## Directions for this task:
Each record must be repeated exactly. None may be dropped.

Saved entries
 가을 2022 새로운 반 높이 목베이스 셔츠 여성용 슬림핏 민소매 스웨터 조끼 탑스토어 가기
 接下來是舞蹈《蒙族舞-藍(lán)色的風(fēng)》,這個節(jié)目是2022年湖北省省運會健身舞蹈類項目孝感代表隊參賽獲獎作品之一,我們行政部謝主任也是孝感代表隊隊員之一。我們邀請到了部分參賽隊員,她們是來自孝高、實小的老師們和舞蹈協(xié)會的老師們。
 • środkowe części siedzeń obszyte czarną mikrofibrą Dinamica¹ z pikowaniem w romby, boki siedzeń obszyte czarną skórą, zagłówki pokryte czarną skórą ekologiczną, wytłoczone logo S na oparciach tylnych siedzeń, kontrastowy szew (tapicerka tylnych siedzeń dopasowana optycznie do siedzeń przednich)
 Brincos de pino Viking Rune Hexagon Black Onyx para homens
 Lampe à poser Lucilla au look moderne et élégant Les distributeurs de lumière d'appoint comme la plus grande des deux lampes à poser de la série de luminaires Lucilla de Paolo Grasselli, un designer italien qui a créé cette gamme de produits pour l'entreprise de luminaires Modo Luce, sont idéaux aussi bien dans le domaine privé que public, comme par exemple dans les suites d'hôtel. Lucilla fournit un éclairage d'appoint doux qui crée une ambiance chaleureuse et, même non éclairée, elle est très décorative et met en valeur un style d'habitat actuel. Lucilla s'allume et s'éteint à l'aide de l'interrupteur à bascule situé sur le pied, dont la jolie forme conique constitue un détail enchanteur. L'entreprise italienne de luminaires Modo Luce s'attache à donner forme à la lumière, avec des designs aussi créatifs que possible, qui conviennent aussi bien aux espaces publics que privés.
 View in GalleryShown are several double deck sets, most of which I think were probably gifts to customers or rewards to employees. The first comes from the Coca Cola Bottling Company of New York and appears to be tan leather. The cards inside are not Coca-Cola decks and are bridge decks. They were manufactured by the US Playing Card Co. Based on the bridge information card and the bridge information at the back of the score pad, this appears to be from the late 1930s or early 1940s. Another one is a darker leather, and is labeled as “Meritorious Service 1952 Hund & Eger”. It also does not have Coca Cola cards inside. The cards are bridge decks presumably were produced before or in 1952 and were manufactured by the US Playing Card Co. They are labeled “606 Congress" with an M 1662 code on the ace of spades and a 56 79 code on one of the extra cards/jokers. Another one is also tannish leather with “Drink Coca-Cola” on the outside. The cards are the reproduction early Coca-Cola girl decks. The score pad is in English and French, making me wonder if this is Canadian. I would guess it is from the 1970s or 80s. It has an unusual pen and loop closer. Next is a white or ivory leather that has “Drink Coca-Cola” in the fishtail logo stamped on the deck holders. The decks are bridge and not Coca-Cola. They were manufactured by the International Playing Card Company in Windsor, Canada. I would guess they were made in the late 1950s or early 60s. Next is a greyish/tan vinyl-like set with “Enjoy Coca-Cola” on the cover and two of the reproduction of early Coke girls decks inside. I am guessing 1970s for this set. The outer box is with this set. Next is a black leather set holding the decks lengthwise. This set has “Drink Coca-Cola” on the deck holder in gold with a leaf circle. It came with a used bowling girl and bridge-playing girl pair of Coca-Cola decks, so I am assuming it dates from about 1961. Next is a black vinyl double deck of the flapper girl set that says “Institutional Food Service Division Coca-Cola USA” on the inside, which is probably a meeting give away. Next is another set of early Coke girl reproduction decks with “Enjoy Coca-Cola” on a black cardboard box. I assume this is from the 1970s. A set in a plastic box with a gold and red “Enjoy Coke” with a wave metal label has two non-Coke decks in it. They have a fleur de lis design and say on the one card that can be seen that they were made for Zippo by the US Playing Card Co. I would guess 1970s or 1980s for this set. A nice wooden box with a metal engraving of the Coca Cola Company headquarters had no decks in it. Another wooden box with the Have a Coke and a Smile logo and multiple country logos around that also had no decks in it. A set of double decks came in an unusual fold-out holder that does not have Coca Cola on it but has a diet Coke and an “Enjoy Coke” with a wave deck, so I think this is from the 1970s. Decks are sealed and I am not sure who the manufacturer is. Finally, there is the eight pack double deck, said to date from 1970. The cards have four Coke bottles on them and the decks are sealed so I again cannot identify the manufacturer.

## Task response:
 가을 2022 새로운 반 높이 목베이스 셔츠 여성용 슬림핏 민소매 스웨터 조끼 탑스토어 가기
 接下來是舞蹈《蒙族舞-藍(lán)色的風(fēng)》,這個節(jié)目是2022年湖北省省運會健身舞蹈類項目孝感代表隊參賽獲獎作品之一,我們行政部謝主任也是孝感代表隊隊員之一。我們邀請到了部分參賽隊員,她們是來自孝高、實小的老師們和舞蹈協(xié)會的老師們。
 • środkowe części siedzeń obszyte czarną mikrofibrą Dinamica¹ z pikowaniem w romby, boki siedzeń obszyte czarną skórą, zagłówki pokryte czarną skórą ekologiczną, wytłoczone logo S na oparciach tylnych siedzeń, kontrastowy szew (tapicerka tylnych siedzeń dopasowana optycznie do siedzeń przednich)
 Brincos de pino Viking Rune Hexagon Black Onyx para homens
 Lampe à poser Lucilla au look moderne et élégant Les distributeurs de lumière d'appoint comme la plus grande des deux lampes à poser de la série de luminaires Lucilla de Paolo Grasselli, un designer italien qui a créé cette gamme de produits pour l'entreprise de luminaires Modo Luce, sont idéaux aussi bien dans le domaine privé que public, comme par exemple dans les suites d'hôtel. Lucilla fournit un éclairage d'appoint doux qui crée une ambiance chaleureuse et, même non éclairée, elle est très décorative et met en valeur un style d'habitat actuel. Lucilla s'allume et s'éteint à l'aide de l'interrupteur à bascule situé sur le pied, dont la jolie forme conique constitue un détail enchanteur. L'entreprise italienne de luminaires Modo Luce s'attache à donner forme à la lumière, avec des designs aussi créatifs que possible, qui conviennent aussi bien aux espaces publics que privés.
 View in GalleryShown are several double deck sets, most of which I think were probably gifts to customers or rewards to employees. The first comes from the Coca Cola Bottling Company of New York and appears to be tan leather. The cards inside are not Coca-Cola decks and are bridge decks. They were manufactured by the US Playing Card Co. Based on the bridge information card and the bridge information at the back of the score pad, this appears to be from the late 1930s or early 1940s. Another one is a darker leather, and is labeled as “Meritorious Service 1952 Hund & Eger”. It also does not have Coca Cola cards inside. The cards are bridge decks presumably were produced before or in 1952 and were manufactured by the US Playing Card Co. They are labeled “606 Congress" with an M 1662 code on the ace of spades and a 56 79 code on one of the extra cards/jokers. Another one is also tannish leather with “Drink Coca-Cola” on the outside. The cards are the reproduction early Coca-Cola girl decks. The score pad is in English and French, making me wonder if this is Canadian. I would guess it is from the 1970s or 80s. It has an unusual pen and loop closer. Next is a white or ivory leather that has “Drink Coca-Cola” in the fishtail logo stamped on the deck holders. The decks are bridge and not Coca-Cola. They were manufactured by the International Playing Card Company in Windsor, Canada. I would guess they were made in the late 1950s or early 60s. Next is a greyish/tan vinyl-like set with “Enjoy Coca-Cola” on the cover and two of the reproduction of early Coke girls decks inside. I am guessing 1970s for this set. The outer box is with this set. Next is a black leather set holding the decks lengthwise. This set has “Drink Coca-Cola” on the deck holder in gold with a leaf circle. It came with a used bowling girl and bridge-playing girl pair of Coca-Cola decks, so I am assuming it dates from about 1961. Next is a black vinyl double deck of the flapper girl set that says “Institutional Food Service Division Coca-Cola USA” on the inside, which is probably a meeting give away. Next is another set of early Coke girl reproduction decks with “Enjoy Coca-Cola” on a black cardboard box. I assume this is from the 1970s. A set in a plastic box with a gold and red “Enjoy Coke” with a wave metal label has two non-Coke decks in it. They have a fleur de lis design and say on the one card that can be seen that they were made for Zippo by the US Playing Card Co. I would guess 1970s or 1980s for this set. A nice wooden box with a metal engraving of the Coca Cola Company headquarters had no decks in it. Another wooden box with the Have a Coke and a Smile logo and multiple country logos around that also had no decks in it. A set of double decks came in an unusual fold-out holder that does not have Coca Cola on it but has a diet Coke and an “Enjoy Coke” with a wave deck, so I think this is from the 1970s. Decks are sealed and I am not sure who the manufacturer is. Finally, there is the eight pack double deck, said to date from 1970. The cards have four Coke bottles on them and the decks are sealed so I again cannot identify the manufacturer.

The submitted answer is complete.